Live demo
Three numbers describe the same four weeks. One of them is right.
A campaign ran in 4 markets and not in 20 others, starting Jul 31. This data has a known incremental effect injected into it, so for once the true answer is available to check against. Everything below is fitted in your browser from the daily revenue series.
The generator added $18K a day to the treated markets after launch and nothing to the others, so the correct answer is $490K. The synthetic control estimate lands 8.7% away from it. The platform number is off by $1.66M.
The counterfactual
What the treated markets would have done
The dotted line is a weighted blend of the 20 held-out markets, with weights fitted only on the 140 days before launch. After launch it keeps running as the counterfactual, and the shaded wedge between the two lines is the effect.
The credibility check
Whether you should believe any of that
A synthetic control that does not track the treated markets before the campaign is not a counterfactual, and the estimate built on it is meaningless. This is the part a measurement vendor has no incentive to show you, which is exactly why it goes first.

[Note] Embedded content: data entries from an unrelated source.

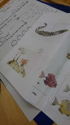 ところで、この「うなぎ」、見た感じは「ウツボ」に見えます。訳者の谷川俊太郎さんがあえてそうしたのかも、と思って調べてみると、原作でもやはり「ウナギ」を表す語になっているそうです。国によっての認識の違いなどもあるかもしれません。あるいは、レオ=レオニさんには何か考えがあったのかも・・・色々と想像が広がります。
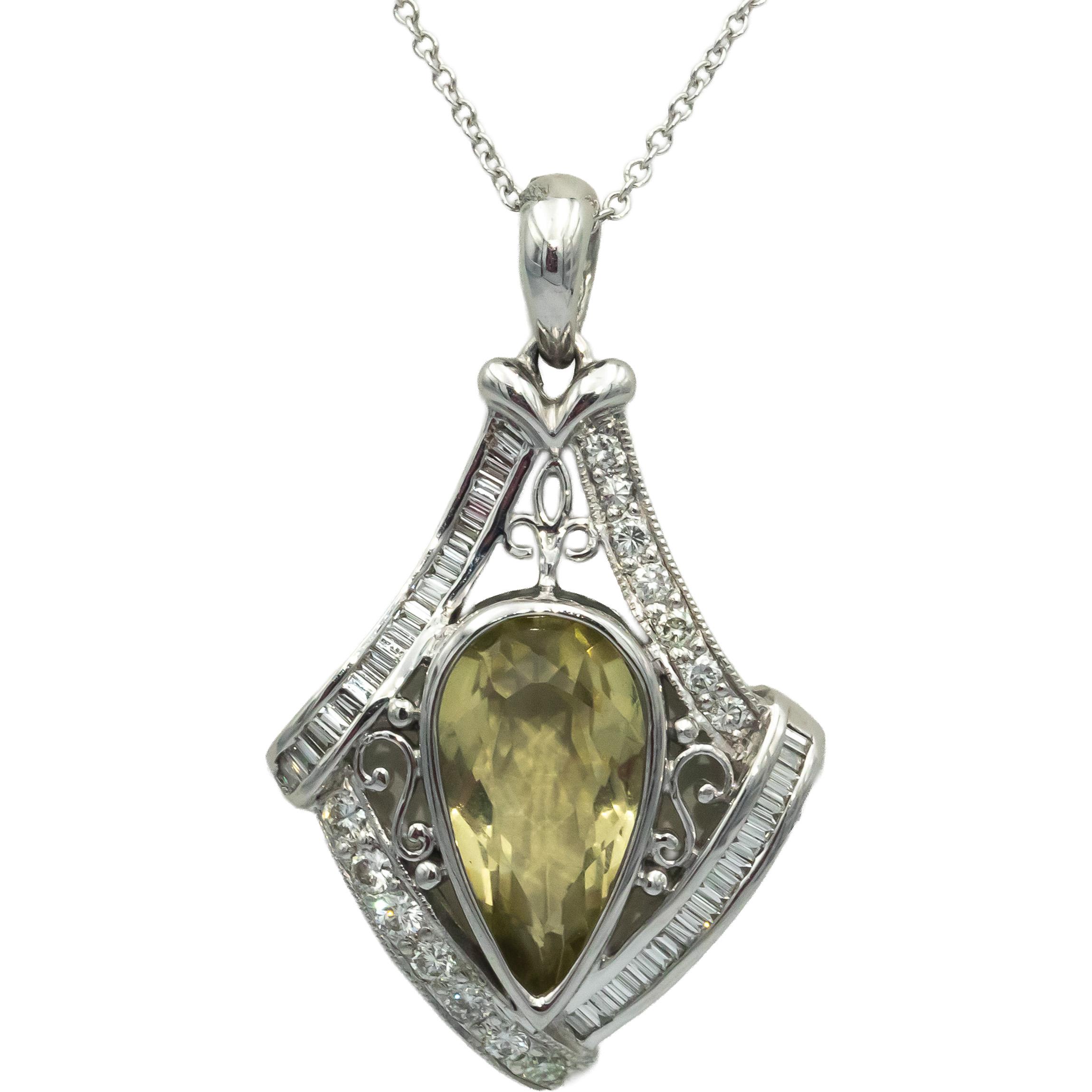 Crafted in 18k white gold, the pendant showcases a pear-cut citrine with a carat weight of 15.0, exuding a warm glow.
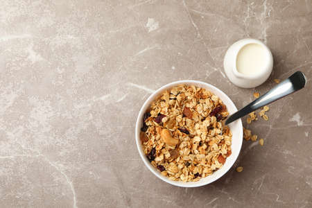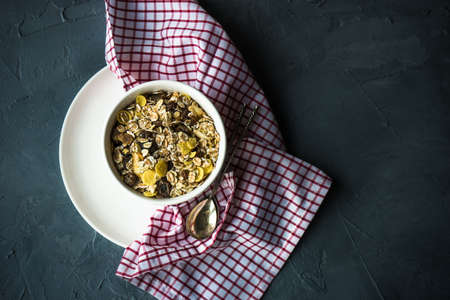 Homemade granola in a white bowl, gray background, top view, copy space. Muesli bowl for a healthy breakfast.
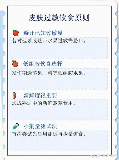 - 循序渐进地重新引入食物: 在过敏症状缓解后,如果想尝试之前避免的食物(如某种水果),建议一次只引入一种,并观察2-3天,看是否有不良反应。
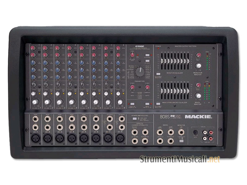 Mixer stereo amplificato (600W+600W/2-Ohm) - 6 canali mono microfono/linea 2 canali mono microfono/stereo linea; EQ a 3 bande fisse ; 1 mandata MON pre-fader, 1 mandata EFX post-fader. Effetto digitale con 16 preset e 2 parametri regolabili; 2 EQ a 9 bande (stereo per MAIN e mono per MON), 2 filtri 75Hz/18dB ed EFX Return indipendenti; amplificatori assegnabili a MAIN/LEFT+MON/RIGHT+MON; interruttore per compressore per MAIN MIX e MON.
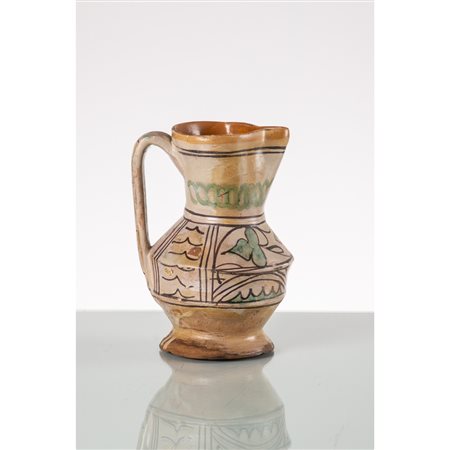 Brocca in maiolica decorata e dipinta nei toni del verde ramina e marrone manganese (restauri)
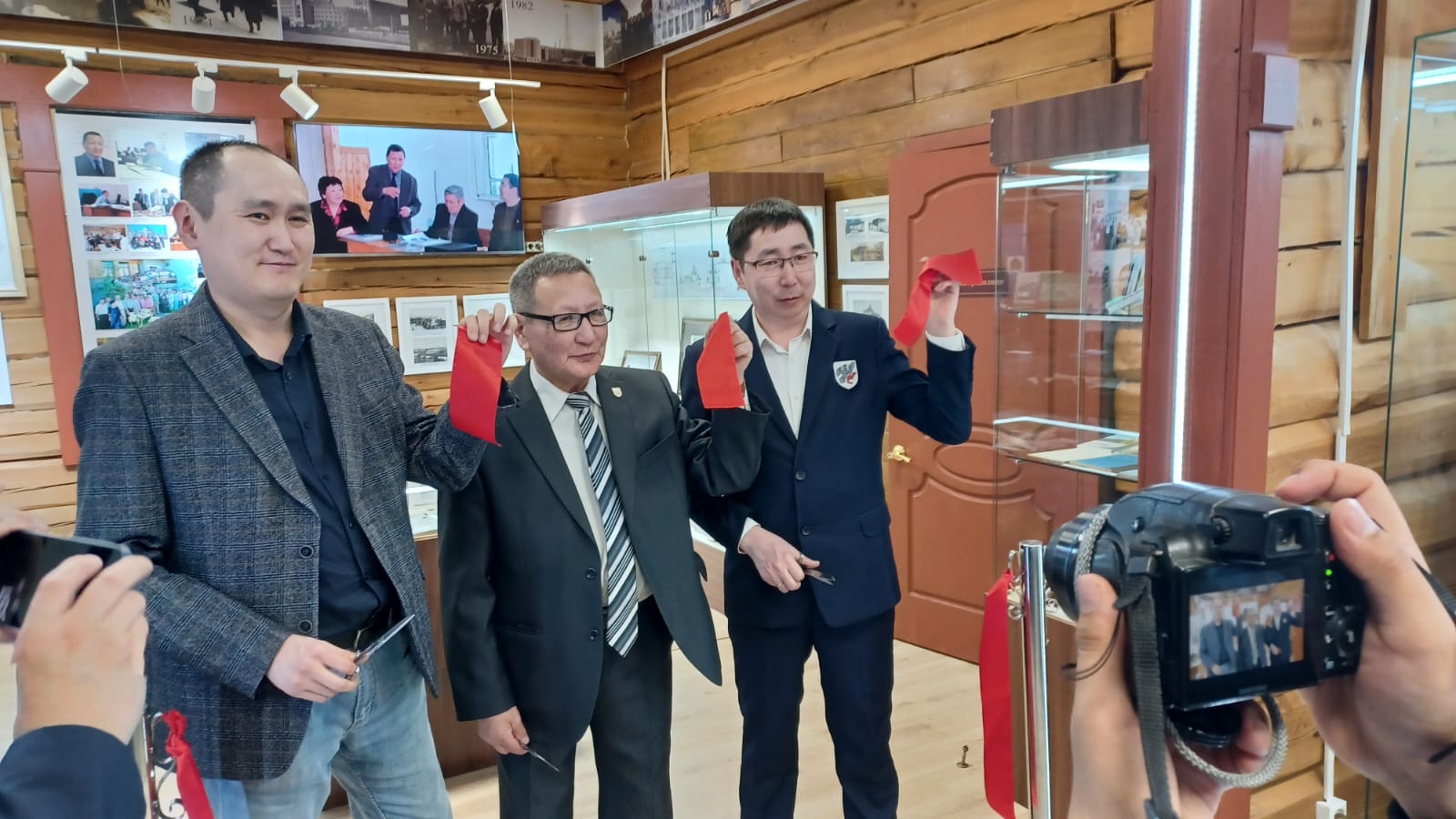 На открытии выставки все присутствующие были приятно удивлены, когда ученый представил свою первую учительницу Варвару Сергеевну ИВАНОВУ-ЗВЕРЕВУ, которая учила его в Тюбяй-Жарханской школе. Представляете, самому 75 лет, а тут еще и его учительница рядом, которой в прошлом году исполнилось 85 лет.

The blend tracks the treated markets to within 1.0% of daily revenue across 140 pre-campaign days, and refitting it with a fake launch date four weeks early finds $661 a day, which is nothing. Both had to hold before the estimate below was worth printing. If the first number were 4% instead of 1.0%, the honest readout is “inconclusive”, and that is what this would say.
Non-negative and summing to one, which is the constraint that stops the fit from extrapolating. The counterfactual is a blend of real markets, so you can name every market that went into it and argue about whether it belongs.
The decision
What the campaign returned
$640K of media in the treated markets over 28 days. The platform’s number and the measured number disagree about whether that was a good trade, and they disagree by a factor of 4.8.
The campaign did cause revenue. It caused $448K of it, against $640K of spend, so every dollar of media returned 0.70 dollars of revenue before any cost of goods. The platform reported 3.36×. Those two numbers lead to opposite budget decisions, and only one of them was measured against markets where the campaign never ran.